There is a clear difference between the buffer sizes of python 2 and 3.

Then I replace time.sleep(0.001) with pass, divide 16777216 by 4 = 4194304 (because of the excess time usage in python3), and started a timing test:

tools.zhuyifei1999-test@tools-bastion-02:~$ time python2 gridaccountingtest_a.py

real    0m4.515s
user    0m0.019s
sys     0m0.022s
tools.zhuyifei1999-test@tools-bastion-02:~$ time python2 gridaccountingtest_a.py

real    0m4.466s
user    0m0.017s
sys     0m0.016s
tools.zhuyifei1999-test@tools-bastion-02:~$ time python3 gridaccountingtest_a.py

(takes forever....)
Edit: SIGINT'ed, ate IO for 16m2.934s and did not complete.

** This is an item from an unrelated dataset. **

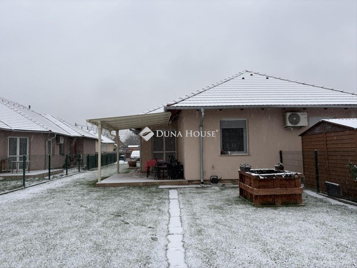 Megvételre kínálunk egy modern, energiatakarékos ikerházat 480 m²-es telken, új építésű házak környezetében! Az ingatlan 87 m² hasznos alapterülettel rendelkezik, melyen átgondolt, praktikus belső elrendezés került kialakításra. Három külön nyíló szoba és egy világos, amerikai konyhás nappali biztosítja a kényelmes mindennapokat. a fürdőszoba WC-vel egyben található, emellett egy külön wc, kamra és előtér is helyet kapott, így az otthon minden funkciója jól elkülönülten, mégis harmonikusan működik együtt. a kellemes hőérzetről padlófűtés gondoskodik, a szobákban radiátor, továbbá egy hűtő-fűtő klíma is beépítésre került a nappaliban. a ház kiváló hőszigeteléssel épült: a falakon 15 cm, a lábazaton 12 cm, míg a födémen 25 cm vastag fújt cellulóz szigetelés található, ami alacsony fenntartási költséget eredményez. Az elektromos hálózat 1x32 amperes, a bővítés elő van készítve, már csak az óra felszerelése szükséges. Az ingatlan riasztórendszerrel is felszerelt, amely tovább növeli a biztonságot. Az udvar fenntartását egy 17 méter mély fúrt kút és kiépített öntözőrendszer segíti. a telken egy 12 m²-es tároló is található, valamint két gépkocsi számára kialakított beálló, amelyek közül az egyik fedett és elektromos kapun keresztül közelíthető meg. a dupla kapus kialakítás tovább növeli a kényelmet és a biztonságot. Az ingatlan ideális választás családok számára is. Keressen bizalommal a hét bármely napján.

We aren't explicitly opening in binary mode, but https://docs.python.org/3/library/functions.html#open says:

Binary files are buffered in fixed-size chunks; the size of the buffer is chosen using a heuristic trying to determine the underlying device’s “block size” and falling back on io.DEFAULT_BUFFER_SIZE. On many systems, the buffer will typically be 4096 or 8192 bytes long.

I wonder if we can make the test program faster by passing a reasonably large read buffer size like 1048576 to the open() call?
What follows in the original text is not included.